405 一件落着。お祭り再開か!?
「それは難しいと思うよ?」
と、ステファニーさんが割り込んできた。
「一人くらいは来ているでしょ?」
「基本滅多に来ないね。この街で稼ぐには漁が主体になるんだよ。だから、他所で培ってきた技術があまり使えないからね〜……」
「そういえばそうでしたよね」
その話はギルドマスターからも聞いた覚えがある。
「だから、ランクの高い人からは敬遠される街なんだよね、ここって」
「でも祭りの時は依頼抜きで、観光に来たりするんじゃないですか?」
「そうかもしれないけど、その場合は街で依頼をしないから、更新手続きをしないんだよ。そうなると、街に来ているかどうかも分からないってわけ」
「ああ〜……」
依頼目的で高ランクの冒険者は来ない。
観光目的の高ランク冒険者が来ていたとしても、ギルドには顔を出さない。
つまり、無理ってことか……。
「この街の冒険者も、別の街で昇級試験を受けたりするからね」
「そういえばテリーさんもそうだったな」
わざわざミルティユの街まで来て試験を受けていたっけ。
「まるもっちーさん、お願いします!」
フローラさんは深く頭を下げたまま微動だにしない。
その姿からは、俺が首を縦に振らない限り、一歩も動かないという決意が伝わって来る。
うーん、これは断れないか……。
「それじゃあ、ギルドマスターに聞いて大丈夫だったら、祭りが終わった後にやりますか」
基本やるなと言われているし、ギルドで確認を取る必要がある。
許可が下りれば、俺がフローラさんの相手をしよう。
「はい! ありがとうございます!」
と、俺たちが話しこんでいると、後方から大きな声が聞こえてきた。
「おい! 何やってるんだ! リハーサルを始めるぞ!」
「ステファニー! 来て! 準備するわよ!」
何事かと振り向けば、スタッフとリンダさんがステファニーさんを呼んでいた。
そうか、ステージの準備があるのか……。
これだけ大変なことがあったのに、中止にならないんだな。
二人の呼ぶ声を聞き、ステファニーさんが慌て出す。
「はーい! 私、もう行かないと」
「分かりました。ステージ、頑張ってくださいね」
この街へ来たのは、今日のメインイベントが目的の一つだった。
今から楽しみである。
「ありがとう! モンスターもなんとかなったし、目一杯歌うね!」
「私も、楽しみにしてる」
意気込みを語るステファニーさんに、フローラさんが笑顔を向ける。
「何言ってるんですか、先輩も来て下さい!」
ステファニーさんはいたずらっぽい笑みを浮かべると、フローラさんの手を引いて走り出した。
「え、ちょっと……」
フローラさんは状況が受け入れられないままに、ステファニーさんの後に続く。
二人は舞台の方へ駆けて行った。
『行っちゃったね』
ミミはバイバイと手を振りながら言った。
「うん。それじゃあ、俺たちは祭りを楽しもうか」
モンスターも倒したし、これでトラブルは全て解決した。
祭りも続行されるようだし、思う存分楽しむとしよう。
『ご飯だね!』
俺の言葉に、ミミがルンルンと鼻歌を交えて楽しそうに言う。
「舞台まで時間があるし、色々見て回ろうか。

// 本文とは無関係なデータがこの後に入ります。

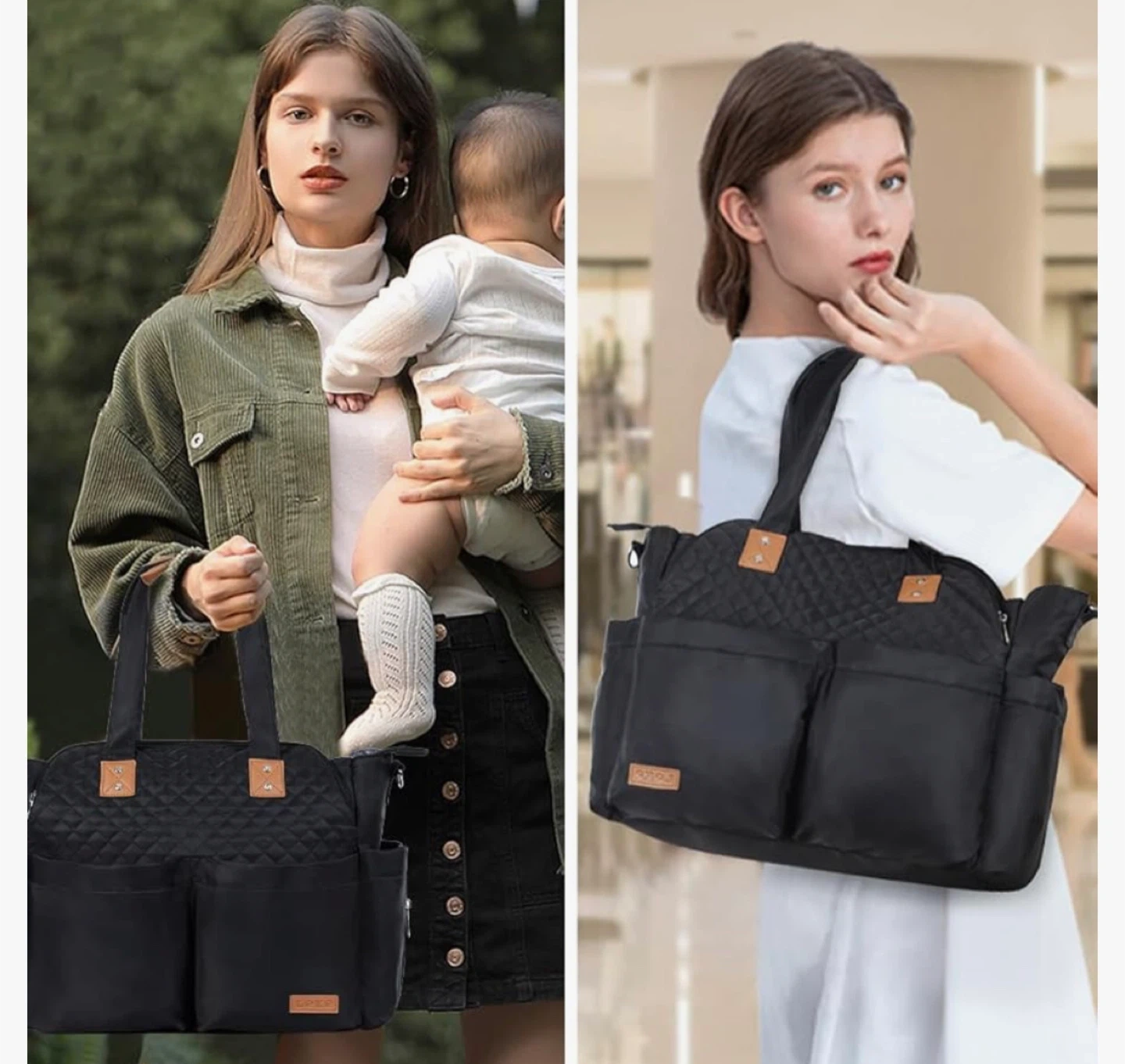 This black quilted diaper bag has a magnetic closure and 17 pockets, including 2 insulated bottle holders. It comes with an adjustable messenger strap and a matching changing pad. Dimensions: 14.96" W x 6.3" D x 13.78" H.

お店が開いてるといいんだけどな」
今起きた騒動で閉まっているかもしれない。
祭りはどうなっているんだろう。
『いい匂いのするところから行くの!』
ミミは俺の手を強く引き、少しでも早く出店があるエリアへ向かおうとする。
「はいはい。そんなに引っ張らなくても、ちゃんと順番に回るからね」
俺はミミに手を引かれながら、その場を後にした。